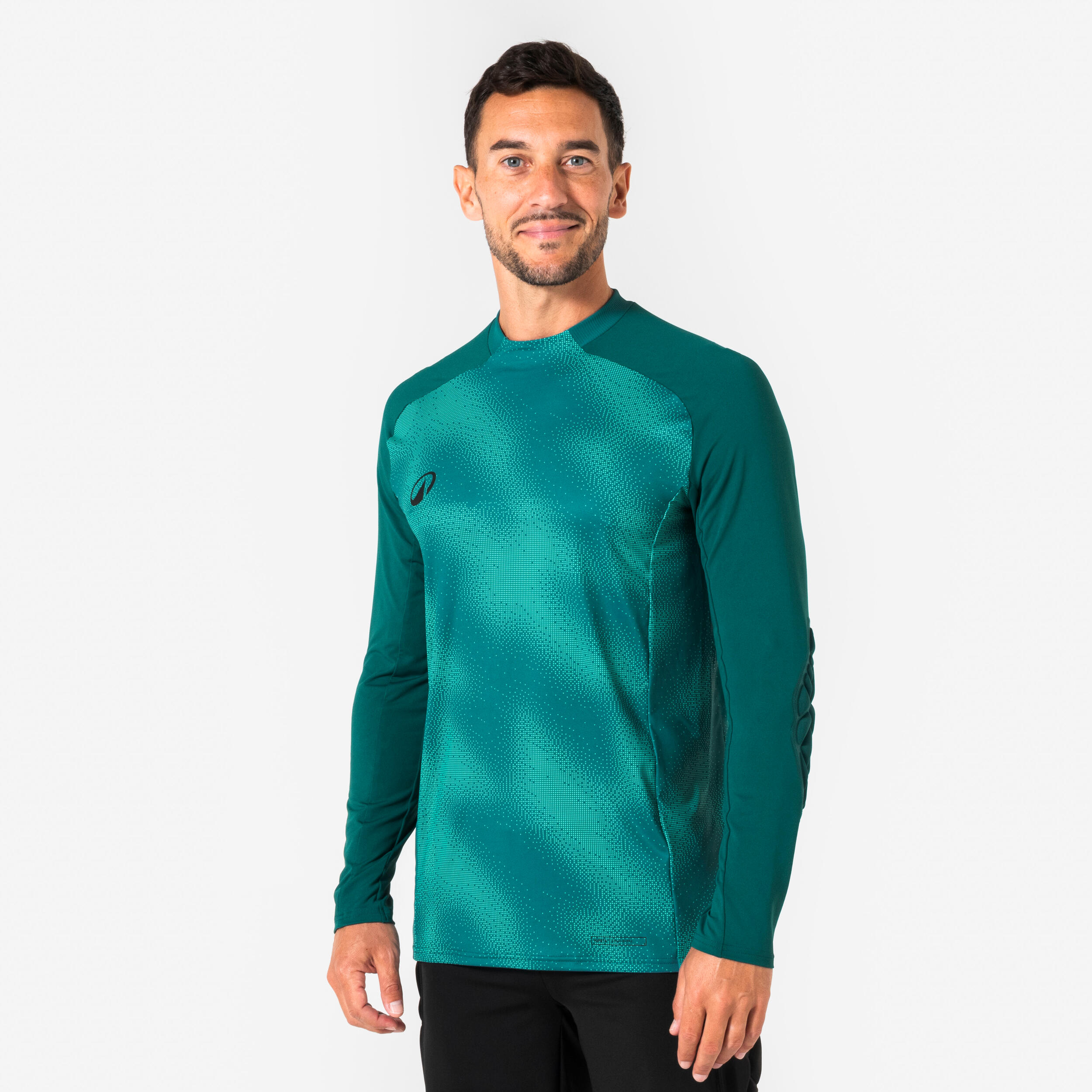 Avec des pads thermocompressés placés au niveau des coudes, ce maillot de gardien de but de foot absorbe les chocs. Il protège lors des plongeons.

==

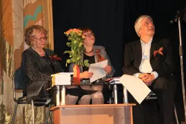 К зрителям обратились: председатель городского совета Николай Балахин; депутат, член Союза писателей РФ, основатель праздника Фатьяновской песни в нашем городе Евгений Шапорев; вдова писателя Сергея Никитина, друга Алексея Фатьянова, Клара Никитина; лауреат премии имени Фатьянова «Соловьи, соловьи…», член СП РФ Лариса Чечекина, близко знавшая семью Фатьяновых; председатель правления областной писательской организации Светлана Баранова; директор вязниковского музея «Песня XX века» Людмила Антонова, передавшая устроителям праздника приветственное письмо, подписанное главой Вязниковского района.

* * *

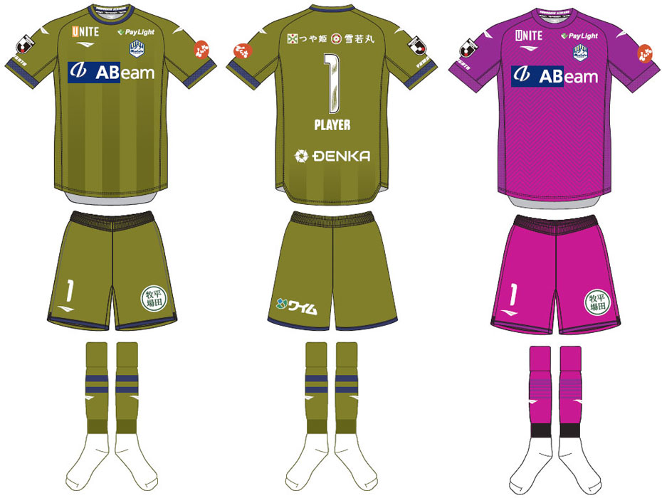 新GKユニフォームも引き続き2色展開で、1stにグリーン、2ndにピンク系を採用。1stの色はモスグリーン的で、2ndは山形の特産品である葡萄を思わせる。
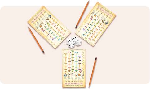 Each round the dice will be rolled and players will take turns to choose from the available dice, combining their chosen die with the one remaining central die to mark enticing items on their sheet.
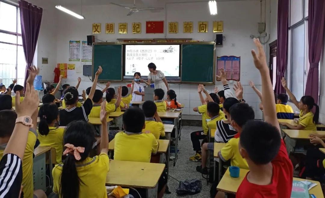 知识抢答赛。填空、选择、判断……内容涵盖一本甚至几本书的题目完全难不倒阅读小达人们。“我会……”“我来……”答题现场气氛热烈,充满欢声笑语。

*TO DO*. Please return the data above exactly as it stands from the line with "Each round the" to the line with "知识抢答赛。填空、选择、判断", keeping both of those lines but none of the pictures.

*ANSWER FOR THIS EXERCISE*.
 Each round the dice will be rolled and players will take turns to choose from the available dice, combining their chosen die with the one remaining central die to mark enticing items on their sheet.
 知识抢答赛。填空、选择、判断……内容涵盖一本甚至几本书的题目完全难不倒阅读小达人们。“我会……”“我来……”答题现场气氛热烈,充满欢声笑语。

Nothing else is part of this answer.